We are able to see how Inflation is distributed across the all countries. Focus on the objective of the task.

In [None]:
plt.figure(figsize = (10,5))
inflation_top10 = ngo[['country','inflation']].sort_values('inflation', ascending = False).head(10)
ax = sns.barplot(x='country', y='inflation', data= inflation_top10)
for p in ax.patches:
    ax.annotate(str(p.get_height()), (p.get_x() * 1.01 , p.get_height() * 1.01))
ax.set(xlabel = '', ylabel= 'Inflation')
plt.xticks(rotation=90)
plt.show()

Top 10 Countries having highest Inflation are from countries where there is social / political unrest in progress

In [None]:
# Exports: Exports of goods and services.
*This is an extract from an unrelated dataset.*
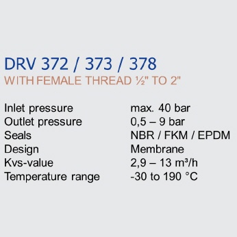 Smaller nominal diameters up to DN 32 are equipped with a removable cartridge made of POM and red-bronze. From DN 40 upwards, the internal parts are made completely of red-bronze. Pressure reducers of the DRV 6 series have a spindle made of high-quality stainless steel.
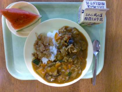 夏野菜カレー 福神漬け すいか ごはん 牛乳

Given as %age of the Total GDP
plt.figure(figsize = (32,5))
exports = ngo[['country','exports']].sort_values('exports', ascending = True)
ax = sns.barplot(x='country', y='exports', data= exports)
ax.set(xlabel = '', ylabel= 'Exports')
plt.xticks(rotation=90)
plt.show()

We are able to see how Exports is distributed across the all countries. Focus on the objective of the task.

In [None]:
plt.figure(figsize = (10,5))
exports_bottom10 = ngo[['country','exports']].sort_values('exports', ascending = True).head(10)
ax = sns.barplot(x='country', y='exports', data= exports_bottom10)
for p in ax.patches:
    ax.annotate(str(p.get_height()), (p.get_x() * 1.01 , p.get_height() * 1.01))
ax.set(xlabel = '', ylabel= 'Exports')
plt.xticks(rotation=90)
plt.show()

Top 10 Countries having lowest Exports are from mostly from underdeveloped / developing countries 

In [None]:
# Imports: Imports of goods and services. Given as %age of the Total GDP
plt.figure(figsize = (32,5))
imports = ngo[['country','imports']].sort_values('imports', ascending = True)
ax = sns.barplot(x='country', y='imports', data= imports)
ax.set(xlabel = '', ylabel= 'Imports')
plt.xticks(rotation=90)
plt.show()

We are able to see how Imports is distributed across the all countries. Focus on the objective of the task.

In [None]:
plt.figure(figsize = (10,5))
imports_bottom10 = ngo[['country','imports']].sort_values('imports', ascending = True).head(10)
ax = sns.barplot(x='country', y='imports', data= imports_bottom10)
for p in ax.patches:
    ax.annotate(str(p.get_height()), (p.get_x() * 1.01 , p.get_height() * 1.01))
ax.set(xlabel = '', ylabel= 'Imports')
plt.xticks(rotation=90)
plt.show()

Top 10 Countries having lowest Imports are from mostly from Developed nations who are **Atma-Nirbhar** aka Self-Reliant, who manufacture locally to support own market or the underdeveloped / developing countries who are poor to afford imports due to political / economical turmoil

####  We will have a look on the lowest 5 countries for each factor. 

In [None]:
fig, axs = plt.subplots(3,3,figsize = (18,18))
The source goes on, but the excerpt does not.